The problem.
Begin with the line below holding "[12296646]V4 3传说 119英雄" and go on through the line holding "Название: Земельный участок", duplicating each line exactly and leaving out pictures.

Material shown.
------------------------------------
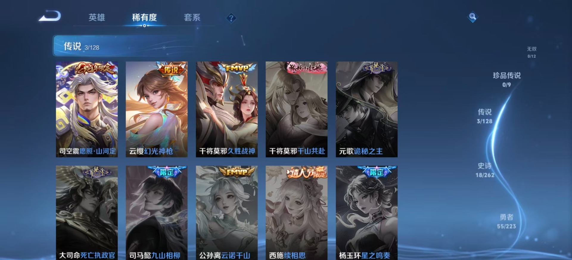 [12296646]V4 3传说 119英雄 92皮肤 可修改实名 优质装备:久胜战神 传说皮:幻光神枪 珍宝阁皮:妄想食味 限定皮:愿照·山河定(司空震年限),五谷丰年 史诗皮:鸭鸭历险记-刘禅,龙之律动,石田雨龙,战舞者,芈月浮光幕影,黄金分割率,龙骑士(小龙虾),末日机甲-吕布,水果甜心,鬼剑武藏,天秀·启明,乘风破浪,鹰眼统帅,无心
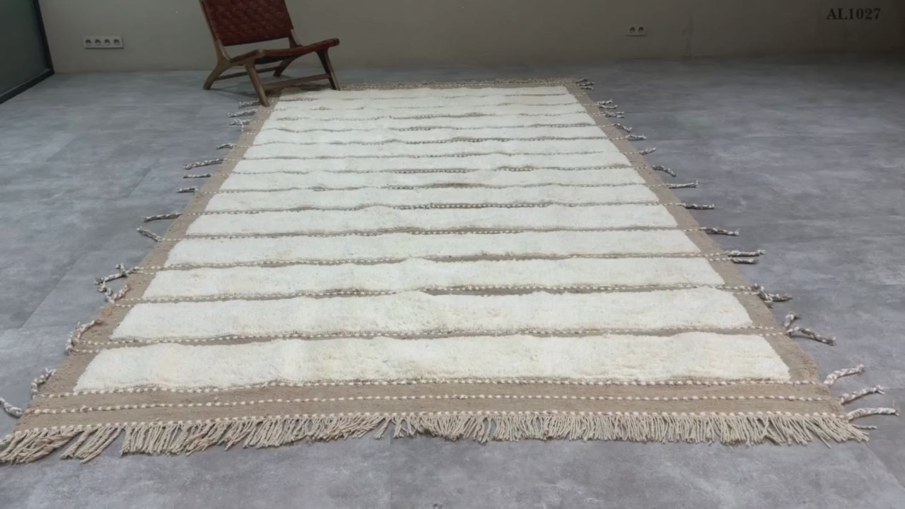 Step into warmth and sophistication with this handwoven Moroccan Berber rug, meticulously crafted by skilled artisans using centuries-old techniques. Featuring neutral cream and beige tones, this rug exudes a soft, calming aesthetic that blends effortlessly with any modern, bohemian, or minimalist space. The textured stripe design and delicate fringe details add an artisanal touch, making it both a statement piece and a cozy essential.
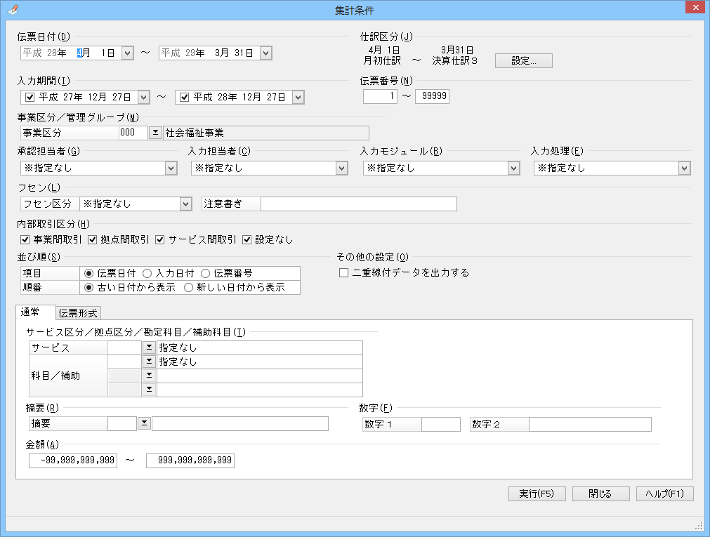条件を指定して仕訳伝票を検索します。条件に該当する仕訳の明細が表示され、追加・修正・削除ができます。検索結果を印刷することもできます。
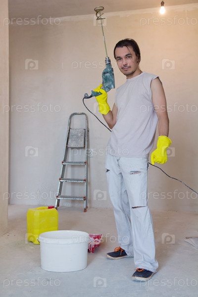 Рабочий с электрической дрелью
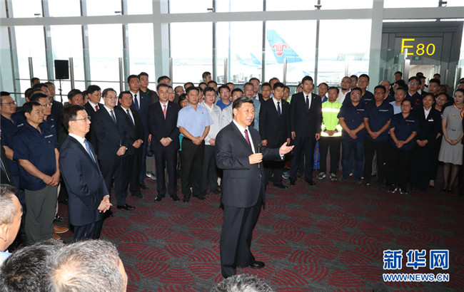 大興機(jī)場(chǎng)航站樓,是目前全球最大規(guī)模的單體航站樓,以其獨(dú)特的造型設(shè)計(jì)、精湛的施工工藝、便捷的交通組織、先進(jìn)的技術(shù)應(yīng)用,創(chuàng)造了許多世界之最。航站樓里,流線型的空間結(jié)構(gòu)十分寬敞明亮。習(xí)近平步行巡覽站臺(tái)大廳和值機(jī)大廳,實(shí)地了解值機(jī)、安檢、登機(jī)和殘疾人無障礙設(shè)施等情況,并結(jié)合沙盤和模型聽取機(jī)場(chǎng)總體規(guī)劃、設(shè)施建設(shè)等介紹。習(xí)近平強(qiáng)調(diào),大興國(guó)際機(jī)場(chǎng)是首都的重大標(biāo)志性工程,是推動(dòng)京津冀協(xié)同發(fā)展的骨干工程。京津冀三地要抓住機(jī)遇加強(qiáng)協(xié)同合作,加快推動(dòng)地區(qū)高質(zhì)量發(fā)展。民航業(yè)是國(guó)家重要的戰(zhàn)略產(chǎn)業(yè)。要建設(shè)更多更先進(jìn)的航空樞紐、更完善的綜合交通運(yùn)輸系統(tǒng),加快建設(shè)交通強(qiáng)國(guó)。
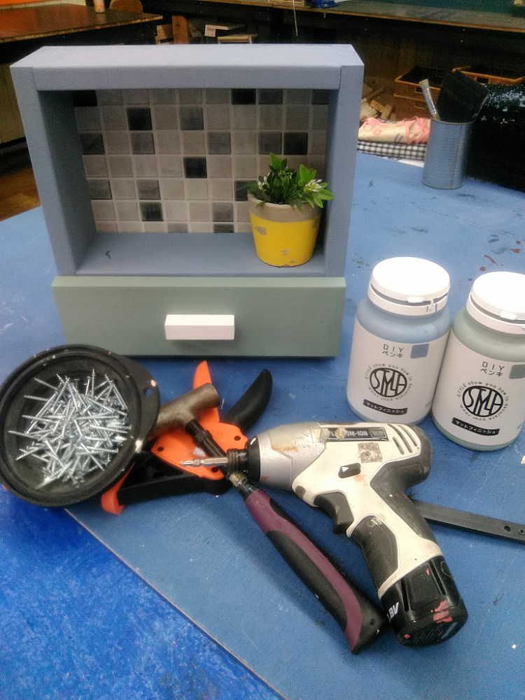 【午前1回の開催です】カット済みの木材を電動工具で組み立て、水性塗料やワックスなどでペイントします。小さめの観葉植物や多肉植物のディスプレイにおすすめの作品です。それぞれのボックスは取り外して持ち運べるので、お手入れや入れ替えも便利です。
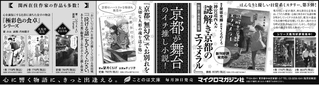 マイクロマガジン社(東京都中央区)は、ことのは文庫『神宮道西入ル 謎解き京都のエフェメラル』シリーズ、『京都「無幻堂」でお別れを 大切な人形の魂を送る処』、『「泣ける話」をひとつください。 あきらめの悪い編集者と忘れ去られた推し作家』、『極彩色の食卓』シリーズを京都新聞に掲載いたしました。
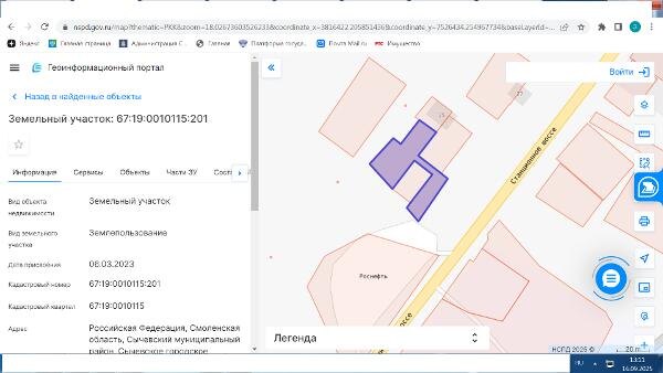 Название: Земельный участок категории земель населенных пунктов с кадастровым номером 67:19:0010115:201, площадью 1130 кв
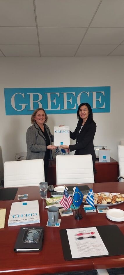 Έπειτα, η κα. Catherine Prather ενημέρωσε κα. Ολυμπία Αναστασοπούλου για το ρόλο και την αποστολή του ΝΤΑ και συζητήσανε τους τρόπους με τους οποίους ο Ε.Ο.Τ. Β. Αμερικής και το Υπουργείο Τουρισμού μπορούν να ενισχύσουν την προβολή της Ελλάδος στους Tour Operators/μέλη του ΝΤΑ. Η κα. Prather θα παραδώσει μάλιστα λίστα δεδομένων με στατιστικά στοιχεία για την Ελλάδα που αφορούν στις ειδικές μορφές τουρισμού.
------------------------------------
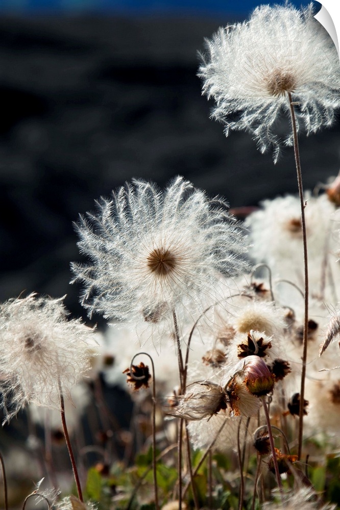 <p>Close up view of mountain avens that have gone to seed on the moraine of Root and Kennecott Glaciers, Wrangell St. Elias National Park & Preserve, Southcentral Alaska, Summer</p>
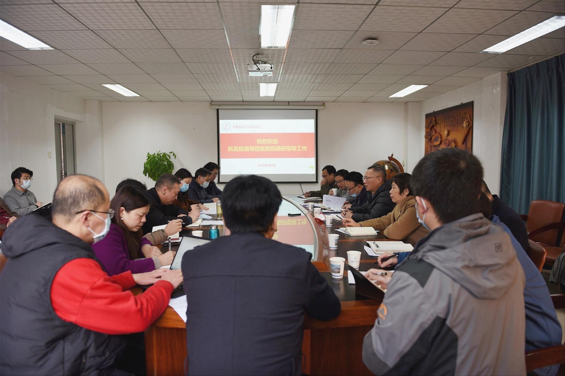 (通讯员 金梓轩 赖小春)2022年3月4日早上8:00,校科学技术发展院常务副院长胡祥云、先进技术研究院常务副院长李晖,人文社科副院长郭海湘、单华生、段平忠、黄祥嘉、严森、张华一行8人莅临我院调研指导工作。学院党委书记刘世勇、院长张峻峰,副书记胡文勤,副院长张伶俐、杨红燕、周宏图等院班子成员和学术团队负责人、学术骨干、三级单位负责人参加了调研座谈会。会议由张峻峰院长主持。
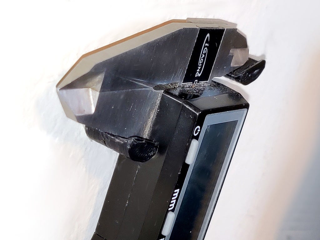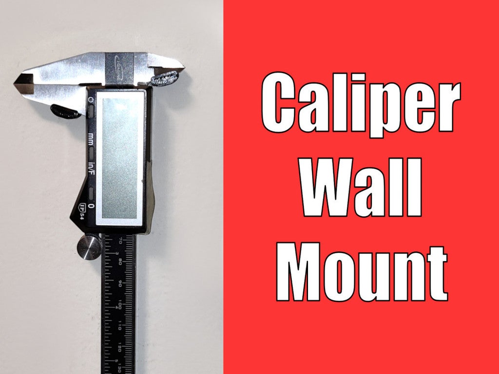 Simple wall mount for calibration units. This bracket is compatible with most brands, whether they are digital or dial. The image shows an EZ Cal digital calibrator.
------------------------------------
Exercise answer.
 [12296646]V4 3传说 119英雄 92皮肤 可修改实名 优质装备:久胜战神 传说皮:幻光神枪 珍宝阁皮:妄想食味 限定皮:愿照·山河定(司空震年限),五谷丰年 史诗皮:鸭鸭历险记-刘禅,龙之律动,石田雨龙,战舞者,芈月浮光幕影,黄金分割率,龙骑士(小龙虾),末日机甲-吕布,水果甜心,鬼剑武藏,天秀·启明,乘风破浪,鹰眼统帅,无心
 Step into warmth and sophistication with this handwoven Moroccan Berber rug, meticulously crafted by skilled artisans using centuries-old techniques. Featuring neutral cream and beige tones, this rug exudes a soft, calming aesthetic that blends effortlessly with any modern, bohemian, or minimalist space. The textured stripe design and delicate fringe details add an artisanal touch, making it both a statement piece and a cozy essential.
条件を指定して仕訳伝票を検索します。条件に該当する仕訳の明細が表示され、追加・修正・削除ができます。検索結果を印刷することもできます。
 Рабочий с электрической дрелью
 大興機(jī)場(chǎng)航站樓,是目前全球最大規(guī)模的單體航站樓,以其獨(dú)特的造型設(shè)計(jì)、精湛的施工工藝、便捷的交通組織、先進(jìn)的技術(shù)應(yīng)用,創(chuàng)造了許多世界之最。航站樓里,流線型的空間結(jié)構(gòu)十分寬敞明亮。習(xí)近平步行巡覽站臺(tái)大廳和值機(jī)大廳,實(shí)地了解值機(jī)、安檢、登機(jī)和殘疾人無障礙設(shè)施等情況,并結(jié)合沙盤和模型聽取機(jī)場(chǎng)總體規(guī)劃、設(shè)施建設(shè)等介紹。習(xí)近平強(qiáng)調(diào),大興國(guó)際機(jī)場(chǎng)是首都的重大標(biāo)志性工程,是推動(dòng)京津冀協(xié)同發(fā)展的骨干工程。京津冀三地要抓住機(jī)遇加強(qiáng)協(xié)同合作,加快推動(dòng)地區(qū)高質(zhì)量發(fā)展。民航業(yè)是國(guó)家重要的戰(zhàn)略產(chǎn)業(yè)。要建設(shè)更多更先進(jìn)的航空樞紐、更完善的綜合交通運(yùn)輸系統(tǒng),加快建設(shè)交通強(qiáng)國(guó)。
 【午前1回の開催です】カット済みの木材を電動工具で組み立て、水性塗料やワックスなどでペイントします。小さめの観葉植物や多肉植物のディスプレイにおすすめの作品です。それぞれのボックスは取り外して持ち運べるので、お手入れや入れ替えも便利です。
 マイクロマガジン社(東京都中央区)は、ことのは文庫『神宮道西入ル 謎解き京都のエフェメラル』シリーズ、『京都「無幻堂」でお別れを 大切な人形の魂を送る処』、『「泣ける話」をひとつください。 あきらめの悪い編集者と忘れ去られた推し作家』、『極彩色の食卓』シリーズを京都新聞に掲載いたしました。
 Название: Земельный участок категории земель населенных пунктов с кадастровым номером 67:19:0010115:201, площадью 1130 кв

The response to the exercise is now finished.